| ABOUT THIS EXERCISE |
Of the material below, only the lines from the line containing "이번 달 미학 스터디에서는" down to the line containing "- In the DNS" belong in the answer, written out exactly.

| GIVEN ENTRIES |
[Start of Attachment]

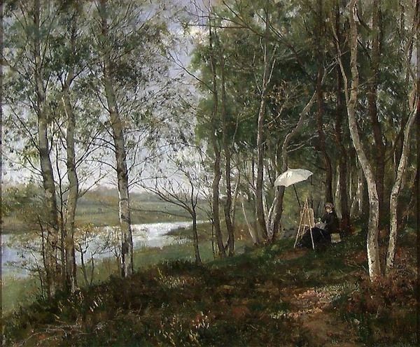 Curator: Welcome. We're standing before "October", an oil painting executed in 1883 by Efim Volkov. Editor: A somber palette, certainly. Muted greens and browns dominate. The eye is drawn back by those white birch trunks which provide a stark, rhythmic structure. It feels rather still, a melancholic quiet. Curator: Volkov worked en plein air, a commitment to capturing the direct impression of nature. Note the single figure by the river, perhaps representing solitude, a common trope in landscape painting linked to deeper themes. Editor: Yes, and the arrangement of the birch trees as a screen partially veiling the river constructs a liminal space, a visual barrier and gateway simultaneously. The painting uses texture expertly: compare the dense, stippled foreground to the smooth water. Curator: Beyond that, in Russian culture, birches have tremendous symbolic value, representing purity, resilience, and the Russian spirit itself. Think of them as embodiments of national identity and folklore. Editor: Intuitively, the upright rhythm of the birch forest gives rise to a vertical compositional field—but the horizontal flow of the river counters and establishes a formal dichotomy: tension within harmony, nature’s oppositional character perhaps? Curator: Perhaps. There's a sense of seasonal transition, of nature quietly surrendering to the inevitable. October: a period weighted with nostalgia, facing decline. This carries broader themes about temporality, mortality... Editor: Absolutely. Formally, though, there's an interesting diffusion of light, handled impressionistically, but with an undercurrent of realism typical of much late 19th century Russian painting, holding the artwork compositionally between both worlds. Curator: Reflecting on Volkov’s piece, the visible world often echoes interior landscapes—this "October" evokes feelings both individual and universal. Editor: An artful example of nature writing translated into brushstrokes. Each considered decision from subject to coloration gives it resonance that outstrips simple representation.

[End of Attachment]
[Start of Attachment]

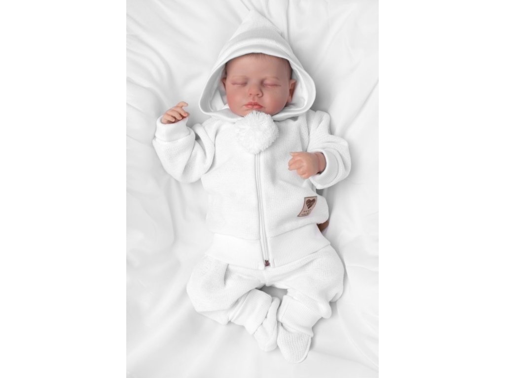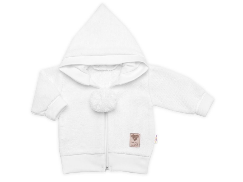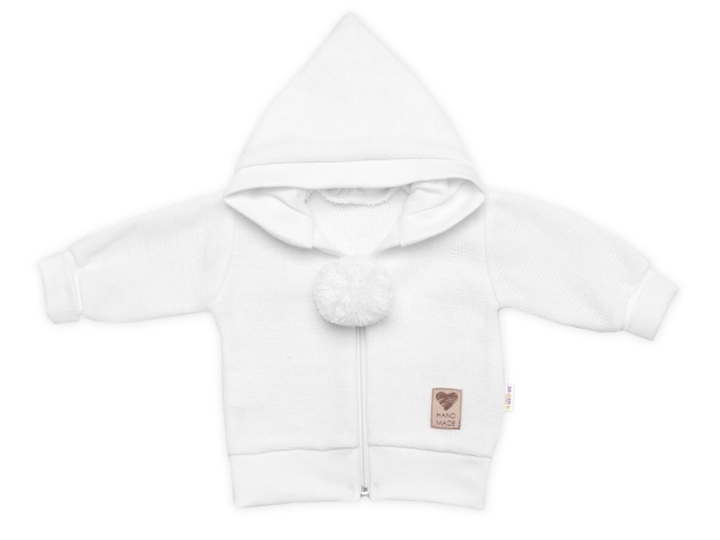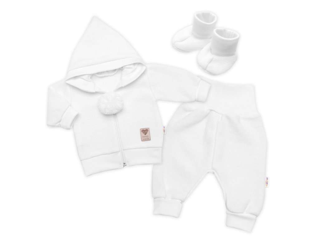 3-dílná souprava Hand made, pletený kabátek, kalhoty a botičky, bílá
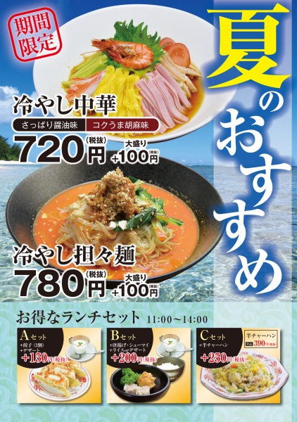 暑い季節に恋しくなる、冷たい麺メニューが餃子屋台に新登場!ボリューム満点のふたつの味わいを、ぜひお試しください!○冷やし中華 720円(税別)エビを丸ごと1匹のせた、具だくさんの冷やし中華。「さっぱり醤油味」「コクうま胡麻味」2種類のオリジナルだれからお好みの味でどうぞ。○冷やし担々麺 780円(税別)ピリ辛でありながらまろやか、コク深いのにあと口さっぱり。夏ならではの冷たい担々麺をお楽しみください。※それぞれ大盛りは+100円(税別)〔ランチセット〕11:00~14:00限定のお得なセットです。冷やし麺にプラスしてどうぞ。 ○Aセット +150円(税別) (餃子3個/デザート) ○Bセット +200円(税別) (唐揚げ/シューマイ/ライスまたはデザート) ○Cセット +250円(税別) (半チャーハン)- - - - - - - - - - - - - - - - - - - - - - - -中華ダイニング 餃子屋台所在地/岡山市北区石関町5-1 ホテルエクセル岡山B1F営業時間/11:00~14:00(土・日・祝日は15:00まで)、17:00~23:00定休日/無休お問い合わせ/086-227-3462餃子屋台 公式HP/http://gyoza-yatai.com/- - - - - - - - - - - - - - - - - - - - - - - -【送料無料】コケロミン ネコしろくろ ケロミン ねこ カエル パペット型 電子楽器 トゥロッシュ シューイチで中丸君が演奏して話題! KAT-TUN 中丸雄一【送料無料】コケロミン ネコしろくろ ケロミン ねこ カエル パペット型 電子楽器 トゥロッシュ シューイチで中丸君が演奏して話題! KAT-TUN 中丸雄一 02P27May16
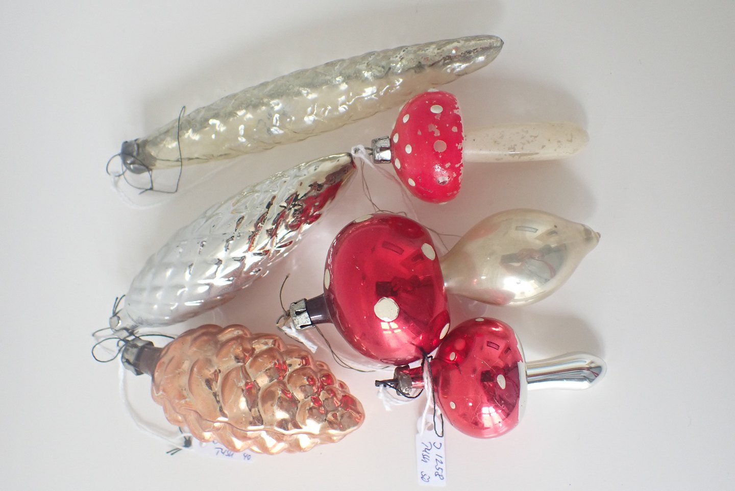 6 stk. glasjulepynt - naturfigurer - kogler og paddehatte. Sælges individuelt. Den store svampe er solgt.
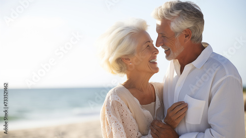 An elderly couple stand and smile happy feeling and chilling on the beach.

[End of Attachment]
[Start of Attachment]

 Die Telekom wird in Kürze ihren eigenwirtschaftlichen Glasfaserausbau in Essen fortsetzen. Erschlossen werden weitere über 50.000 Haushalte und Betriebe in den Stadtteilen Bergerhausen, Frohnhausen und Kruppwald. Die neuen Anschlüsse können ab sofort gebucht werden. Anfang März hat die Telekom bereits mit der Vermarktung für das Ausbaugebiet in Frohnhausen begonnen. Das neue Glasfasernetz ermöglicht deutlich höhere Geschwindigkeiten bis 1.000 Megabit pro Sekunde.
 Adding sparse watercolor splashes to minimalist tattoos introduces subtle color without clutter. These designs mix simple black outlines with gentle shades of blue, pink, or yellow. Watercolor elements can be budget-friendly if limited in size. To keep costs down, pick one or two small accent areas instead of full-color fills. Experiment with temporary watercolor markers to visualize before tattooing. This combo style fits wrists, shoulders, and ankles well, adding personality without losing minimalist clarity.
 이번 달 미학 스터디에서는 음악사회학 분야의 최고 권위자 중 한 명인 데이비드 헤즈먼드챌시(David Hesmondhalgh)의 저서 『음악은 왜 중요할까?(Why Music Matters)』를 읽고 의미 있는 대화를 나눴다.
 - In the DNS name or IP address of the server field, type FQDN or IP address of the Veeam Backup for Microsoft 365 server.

[End of Attachment]

| COMPLETED EXERCISE |
 이번 달 미학 스터디에서는 음악사회학 분야의 최고 권위자 중 한 명인 데이비드 헤즈먼드챌시(David Hesmondhalgh)의 저서 『음악은 왜 중요할까?(Why Music Matters)』를 읽고 의미 있는 대화를 나눴다.
 - In the DNS name or IP address of the server field, type FQDN or IP address of the Veeam Backup for Microsoft 365 server.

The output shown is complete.